Тогда это и случается. Он ни к чему не готовился, и все происходит внезапно, само собой, в мгновение ока, — оставив на руле только левую руку, он берет в правую Ритмину ладонь, она в варежке, он не чувствует тепла ее кожи, только живую форму пальцев, его поражает собственный поступок, он слабо себе представляет, каким может быть следующий шаг, следующий жест и какое за этим может последовать слово, как будто его ведет слепая сила — земного тяготения или центростремительная, но Ритма отнимает руку, говоря:
— Не балуйся, Каспарсон! Еще заедем в канаву.
Она произносит это привычным, игривым и легким, почти всегда неизменным тоном, за которым сейчас может скрываться самая сложная комбинация переживаний и чувств, но с тем же успехом может и не скрываться ничего, ведь и его прикосновение может означать многое и может не означать решительно ничего, так что с внешней стороны они квиты. И все же Аскольд чувствует недовольство собой и своим поступком, сам не зная, жалеет ли о том нечаянном движении, которое и лаской не назовешь, или, напротив, досадует на себя, что упустил нечто, проморгал и оно навсегда кануло в прошлое. И он хочет, чтобы Ритма не придала никакого значения этому мелкому инциденту, и в то же время безотчетно желает, чтобы этот случай оставил память, какой-то след в ее душе — смущение или хотя бы тайное волнение или раздумье. Но по ее поведению трудно что-либо заключить. В манере и голосе не меняется ничего, как будто порыв Аскольда, поползновение к близости она приняла как должное, как нормальную дань своей чарующей женственности, как законное, само собой понятное свидетельство своей прелести, которую он прекрасно сознает. И такое отношение Ритмы его задевает, как бы смазывая самобытность его личности и делая его мужчиной вообще, рядовым представителем своего пола и только, но одновременно и распаляет, толкая преступить, самоутверждения ради, все границы.

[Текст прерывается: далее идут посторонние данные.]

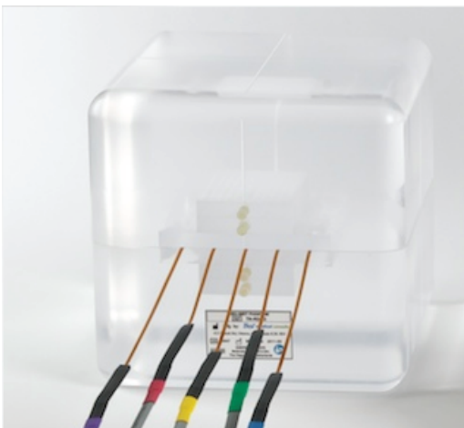
XWU-IMRT Phantom for 3D dosimetry using MOSFETs.

The XWU-IMRT Phantom (TN-RD-52) is ideal for obtaining quantitative dose measurements for film and MOSFET dosimetry. This 20cm x 20cm block phantom houses film and a minimum of nine MOSFET dosimeters on two orthogonal planes. One of the planes, containing five MOSFET detection points, is the dividing plane of the two sub-phantoms where a film is housed. Five absolute MOSFET dose points on the plane of the film provide dose verification. Easy to use cassettes come with pre-manufactured slots for the dosimeters and allow for greater versatility. (Additional cartridge for ion chamber comparison also available.)
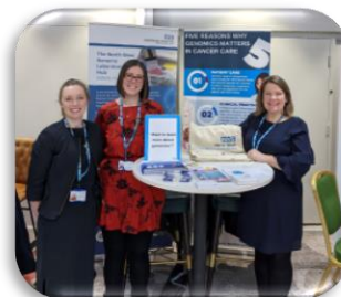
North West Genomics Medicine Service Alliance & North West Genomics Laboratory Hub
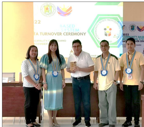
Mayor Atty. Bellarmin A. Flores II receives the symbolic data for the 2022 CBMS results for LGU Rosario, La Union.

Striving for continuous progress, the community development plans of LGU Rosario may now be enriched by employing data-driven local governance catering to the specific needs of its constituents.
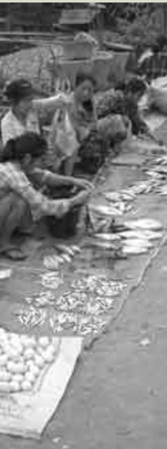
Lao fish market
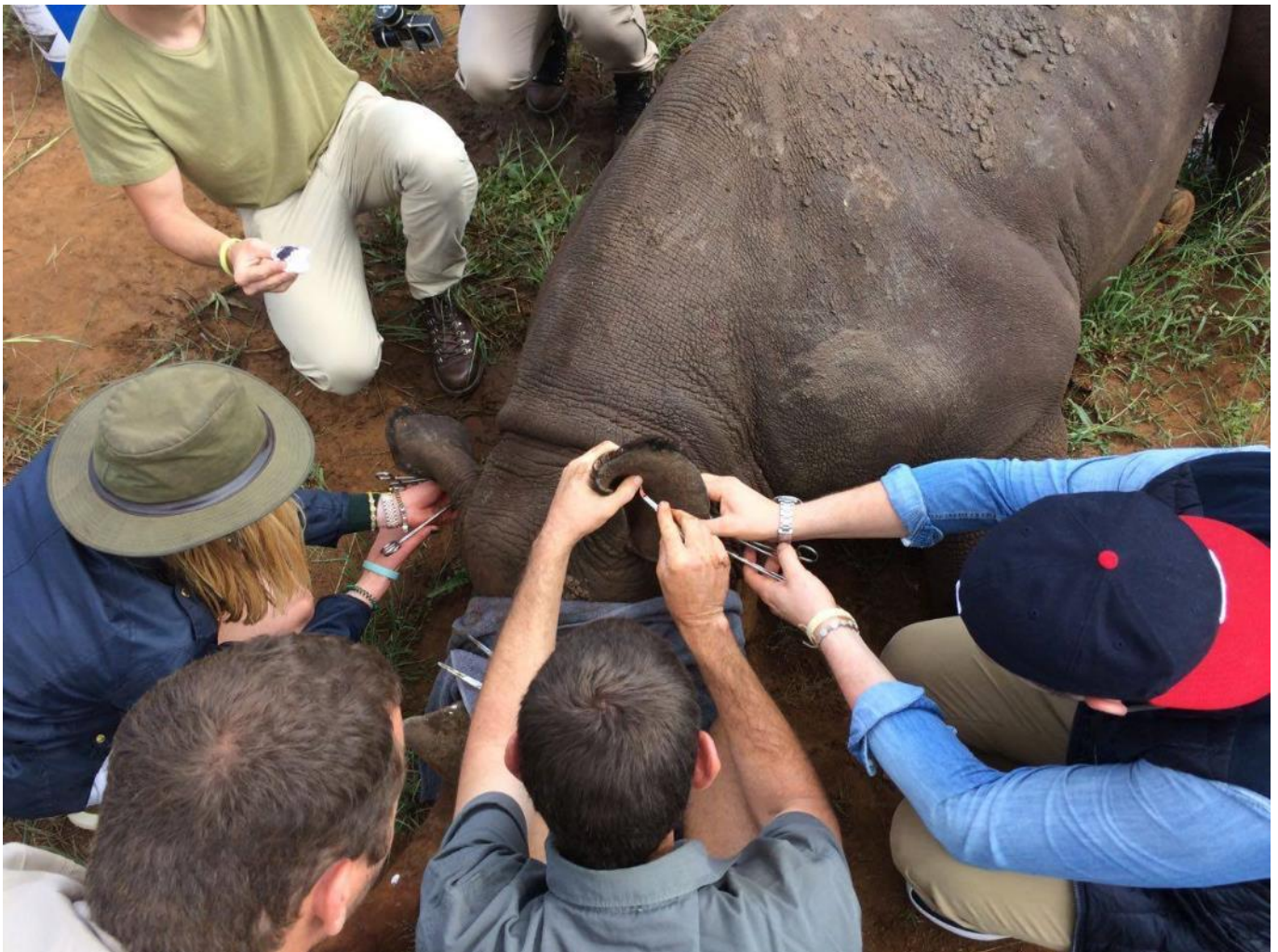
Rhino notching procedure

Afterwards you will enjoy a nice breakfast (at the house or in the bush) and you will have time to relax and enjoy the pool. In the afternoon you will enjoy lunch and another afternoon game-drive , followed by dinner.

«Какая чепуха! — размышляет он, слегка иронизируя над собой и освобождаясь тем самым от смущающих двойственных мыслей. — Не хватало еще, чтобы я как балбес стал заигрывать с каждой смазливой бабенкой!»
Он старается разжечь и поддержать в себе критическое, насмешливое отношение к происшедшему и к Ритме тоже, которая изредка поглядывает через плечо, словно бы снова убеждаясь, что торт не накренился, а цветы не съехали с сиденья и вообще вещи целы и невредимы и в руки виновника торжества попадут в наилучшем виде.
В ее поведении сквозит что-то мелкое, ребяческое и забавное, она оглядывается, как маленькая девочка, на купленные игрушкп, не в силах скрыть простодушной радости, и в голове у Аскольда мелькает, что она не слишком умна, что интеллект — не сильная ее сторона, а сильная — экстерьер… фактура.
Он усмехается про себя, сам того не сознавая, зато Ритма его ухмылку замечает и тут же, без околичностей спрашивает:
— Над чем ты смеешься, Каспарсон? Надо мной?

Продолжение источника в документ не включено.